What is expected:
A faithful copy without images is required: write out all the records exactly.

Source data
_ _ _

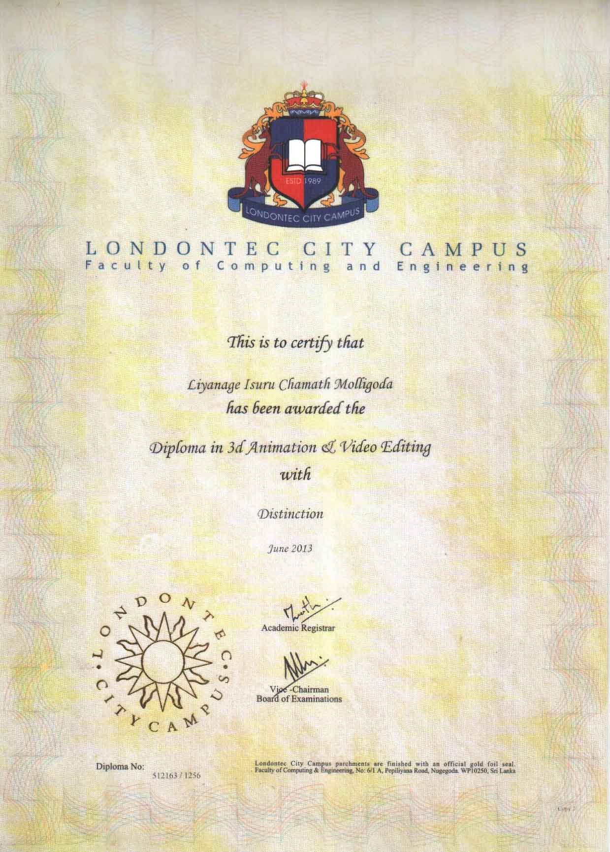 Completed the Diploma in 3D Animation & Video Editing in 2013 - Londontec City Campus.
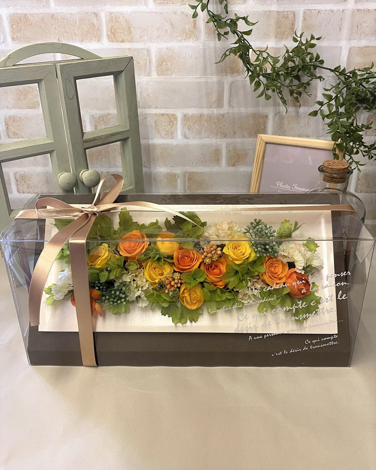 ハイクオリティ黄色オレンジ系プリザーブドフラワー (preser22) 販売価格(税込)¥13,200在庫状態 : 在庫有り■ サイズ(約):高さ13×幅30cm ■ コメント:壁にも掛けられるおしゃれプリザーブド ■ 品番:プリザーブドフラワー22 ★横浜市内への配達に限ります。 ★原則前日12時までの申し込みとなります。 ★横浜市中区西区南区へのお届けの場合は、当日配達できる場合がございます。 お電話にてご確認ください。 TEL:045-641-3057 ※季節・仕入れ状況により花材や資材が異なることがありますご了承ください。 ※天候・受注状況によりご注文を受けられない場合があります。 数量
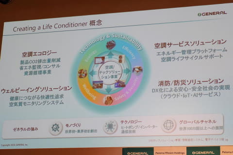 ゼネラルの目指す形としては「Air Conditioner(エアコン)を作ることから、Life Conditionerを創造していきます」と説明。正確には、この言葉は英語の文法として一般的ではないものの「これが世界共通の言葉になるまで、私たちはあきらめずに言い続けていく」との意思を表した。
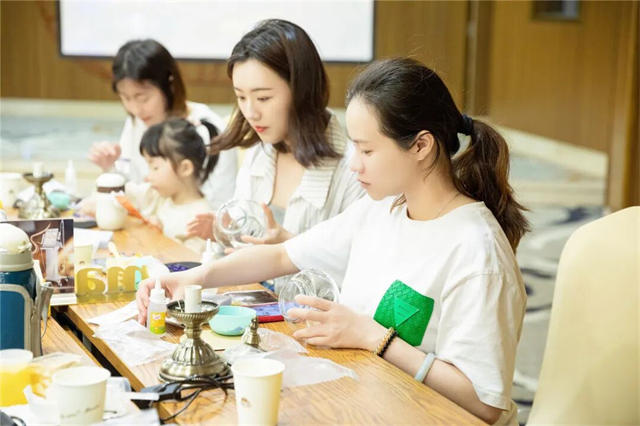 宝妈们和宝贝们专注于自己手中的烛台灯,一颗一颗的往上装饰自己心中的“画布”,每一盏灯都各不相同,独具风格,大家沉醉在手作的过程,暂时摆脱日常的烦恼,享受这片刻的宁静。
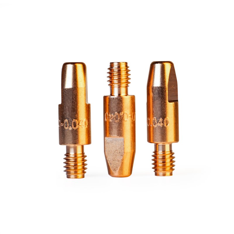 Наконечник – расходная часть MIG/MAG горелки, которая обеспечивает токосъём в процессе сварки, поэтому наконечники, так же называют контактными. Кроме того, через наконечник в процессе сварки подаётся проволока. Для оптимальной работы и идеального контакта необходимо, чтобы диаметр отверстия наконечника и сечение проволоки – совпадали.
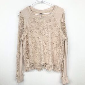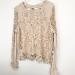 Free People Cream Crochet Lace Slit Back Pullover Crew Neck Boho Sweatshirt
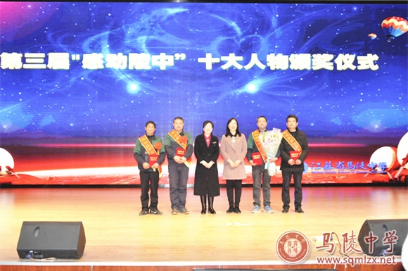 第一阶段,表彰先进。党委委员、副校长朱春伟宣读感动陵中十大人物表彰决定。授予米新宇、李明、马品敢、倪士武、徐美荣、闫长娟、仲晓娟等七位同志“‘感动陵中’人物称号”,授予高二年级英语组、校水电班、保安团队“‘感动陵中’团队奖”。
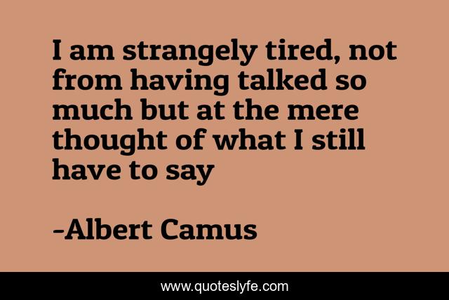 This page presents the quote "I am strangely tired, not from having talked so much but at the mere thought of what I still have to say". Author of this quote is Albert Camus. This quote is about human-nature, life, philosophy,.
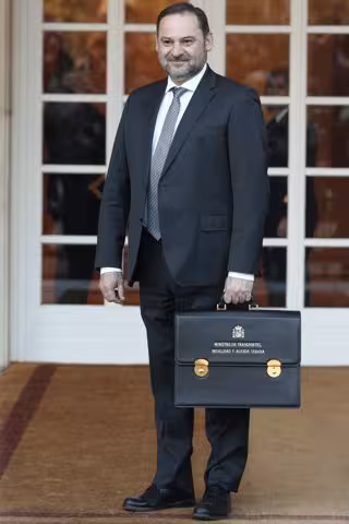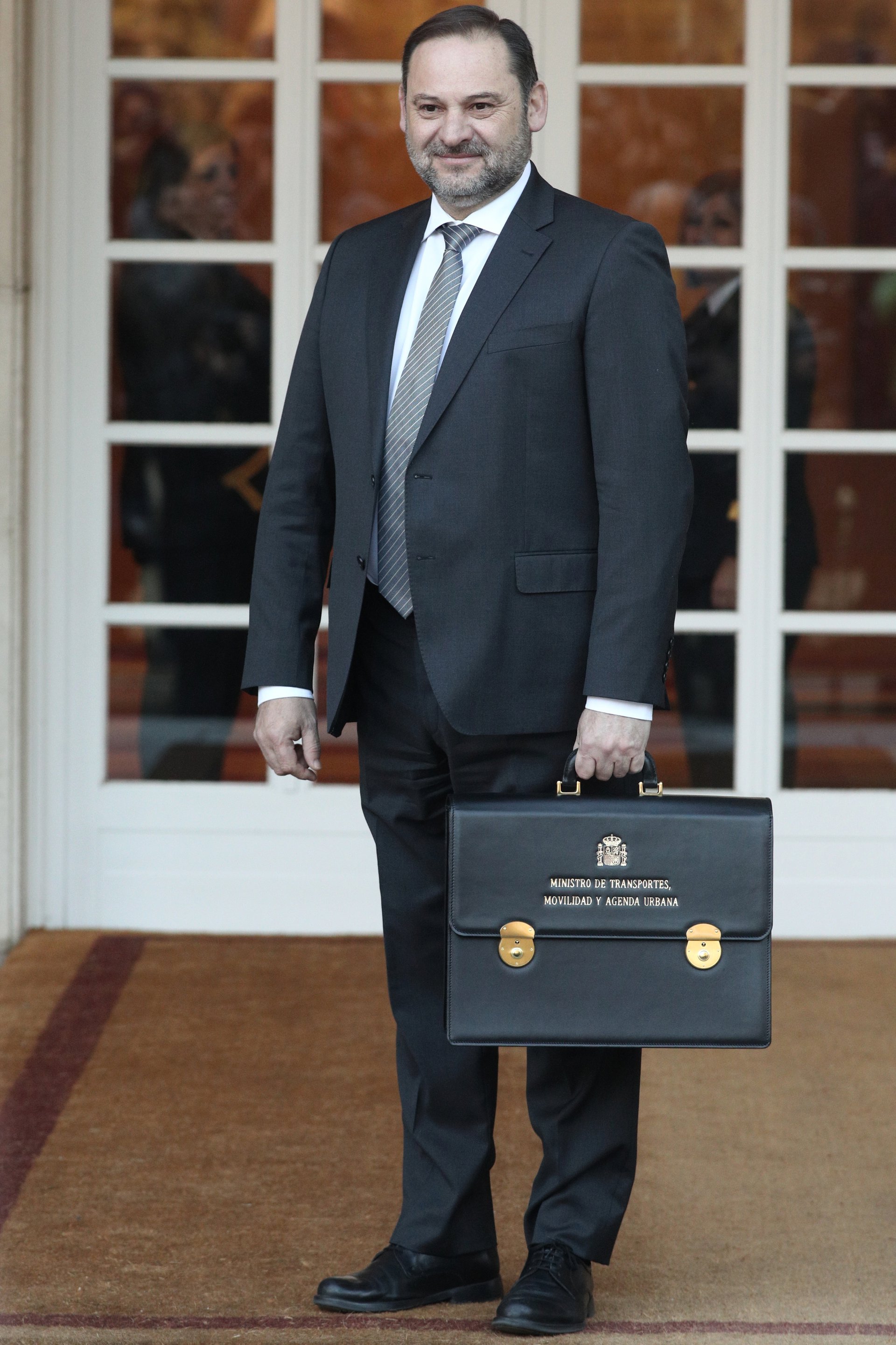 El ministro de Transportes, Movilidad y Agenda Urbana, José Luis Ábalos, posa con la cartera de su ministerio, a su llegada a La Moncloa para la reunión del consejo de ministros del Gobierno de coalición , en Madrid (España), a 14 de enero de 2020. - Eduardo Parra - Europa Press
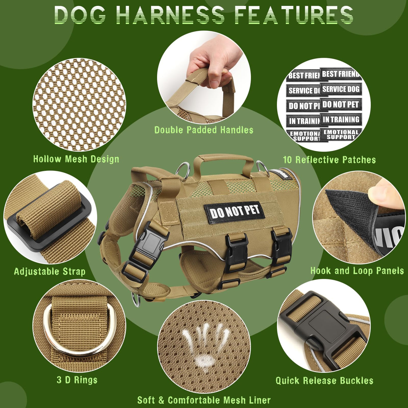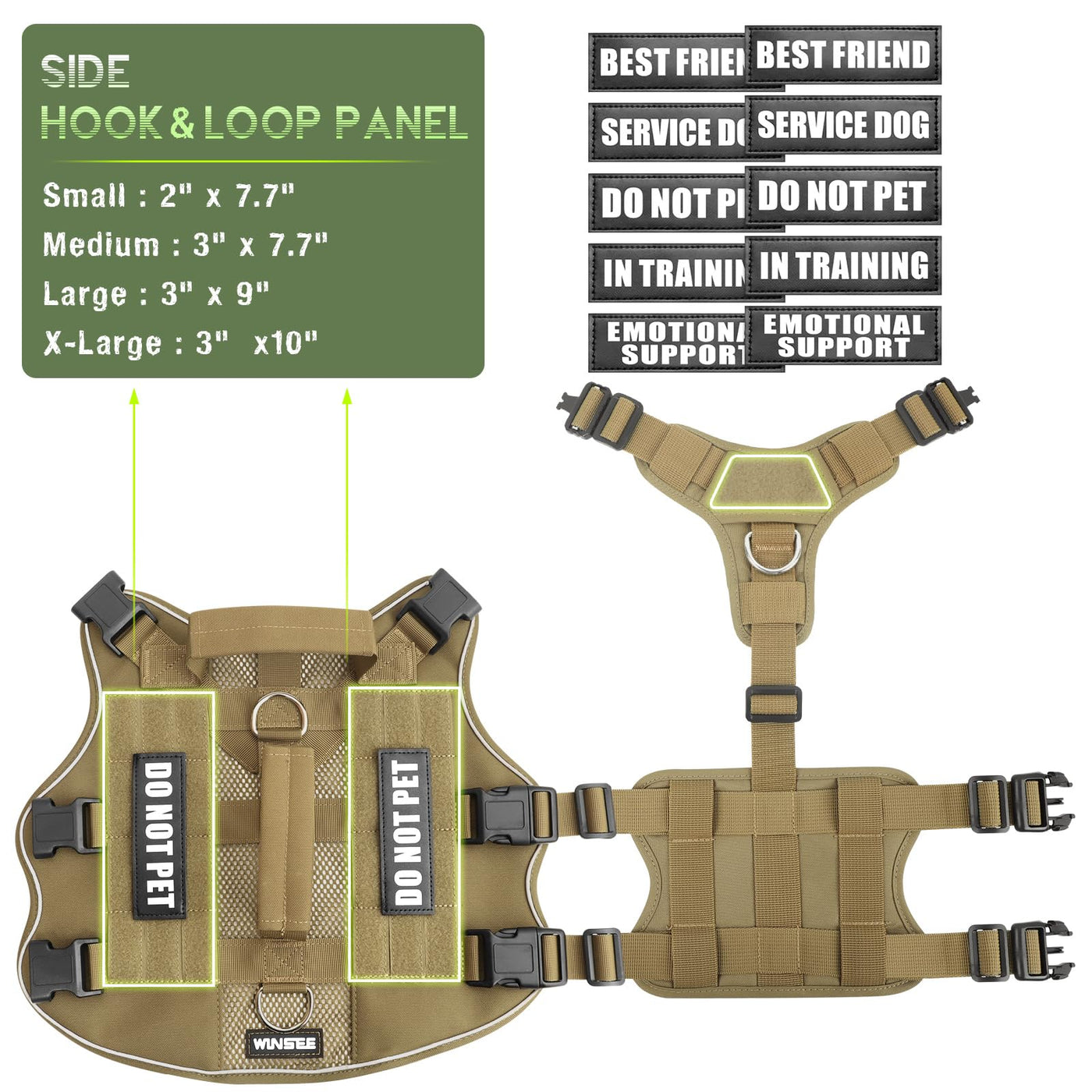 Winsee Mesh Dog Harness With 10 Pet Patches For Large Service Dog In Training, Breathable Tactical Molle Vest With Double Handle
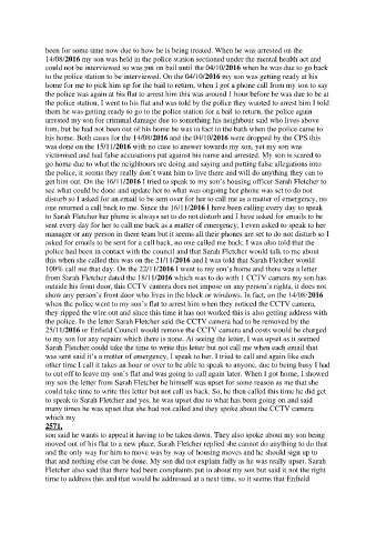 get him out. On the 16/11/2016 I tried to speak to my son’s housing officer Sarah Fletcher to
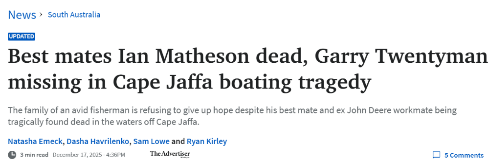 死者Matheson的伴侣Helen Wade在社交媒体上发帖称:“这是我说过的最难的话——我亲爱的丈夫Matho在Cape Jaffa乘船外出时遭遇意外不幸去世,他的好友Garry和我们的狗Archer仍然失踪。我没想到今早和你通话竟是最后一次。”

_ _ _

Answer area:
 Completed the Diploma in 3D Animation & Video Editing in 2013 - Londontec City Campus.
 ハイクオリティ黄色オレンジ系プリザーブドフラワー (preser22) 販売価格(税込)¥13,200在庫状態 : 在庫有り■ サイズ(約):高さ13×幅30cm ■ コメント:壁にも掛けられるおしゃれプリザーブド ■ 品番:プリザーブドフラワー22 ★横浜市内への配達に限ります。 ★原則前日12時までの申し込みとなります。 ★横浜市中区西区南区へのお届けの場合は、当日配達できる場合がございます。 お電話にてご確認ください。 TEL:045-641-3057 ※季節・仕入れ状況により花材や資材が異なることがありますご了承ください。 ※天候・受注状況によりご注文を受けられない場合があります。 数量
 ゼネラルの目指す形としては「Air Conditioner(エアコン)を作ることから、Life Conditionerを創造していきます」と説明。正確には、この言葉は英語の文法として一般的ではないものの「これが世界共通の言葉になるまで、私たちはあきらめずに言い続けていく」との意思を表した。
 宝妈们和宝贝们专注于自己手中的烛台灯,一颗一颗的往上装饰自己心中的“画布”,每一盏灯都各不相同,独具风格,大家沉醉在手作的过程,暂时摆脱日常的烦恼,享受这片刻的宁静。
 Наконечник – расходная часть MIG/MAG горелки, которая обеспечивает токосъём в процессе сварки, поэтому наконечники, так же называют контактными. Кроме того, через наконечник в процессе сварки подаётся проволока. Для оптимальной работы и идеального контакта необходимо, чтобы диаметр отверстия наконечника и сечение проволоки – совпадали.
 Free People Cream Crochet Lace Slit Back Pullover Crew Neck Boho Sweatshirt
 第一阶段,表彰先进。党委委员、副校长朱春伟宣读感动陵中十大人物表彰决定。授予米新宇、李明、马品敢、倪士武、徐美荣、闫长娟、仲晓娟等七位同志“‘感动陵中’人物称号”,授予高二年级英语组、校水电班、保安团队“‘感动陵中’团队奖”。
 This page presents the quote "I am strangely tired, not from having talked so much but at the mere thought of what I still have to say". Author of this quote is Albert Camus. This quote is about human-nature, life, philosophy,.
 El ministro de Transportes, Movilidad y Agenda Urbana, José Luis Ábalos, posa con la cartera de su ministerio, a su llegada a La Moncloa para la reunión del consejo de ministros del Gobierno de coalición , en Madrid (España), a 14 de enero de 2020. - Eduardo Parra - Europa Press
 Winsee Mesh Dog Harness With 10 Pet Patches For Large Service Dog In Training, Breathable Tactical Molle Vest With Double Handle
 get him out. On the 16/11/2016 I tried to speak to my son’s housing officer Sarah Fletcher to
 死者Matheson的伴侣Helen Wade在社交媒体上发帖称:“这是我说过的最难的话——我亲爱的丈夫Matho在Cape Jaffa乘船外出时遭遇意外不幸去世,他的好友Garry和我们的狗Archer仍然失踪。我没想到今早和你通话竟是最后一次。”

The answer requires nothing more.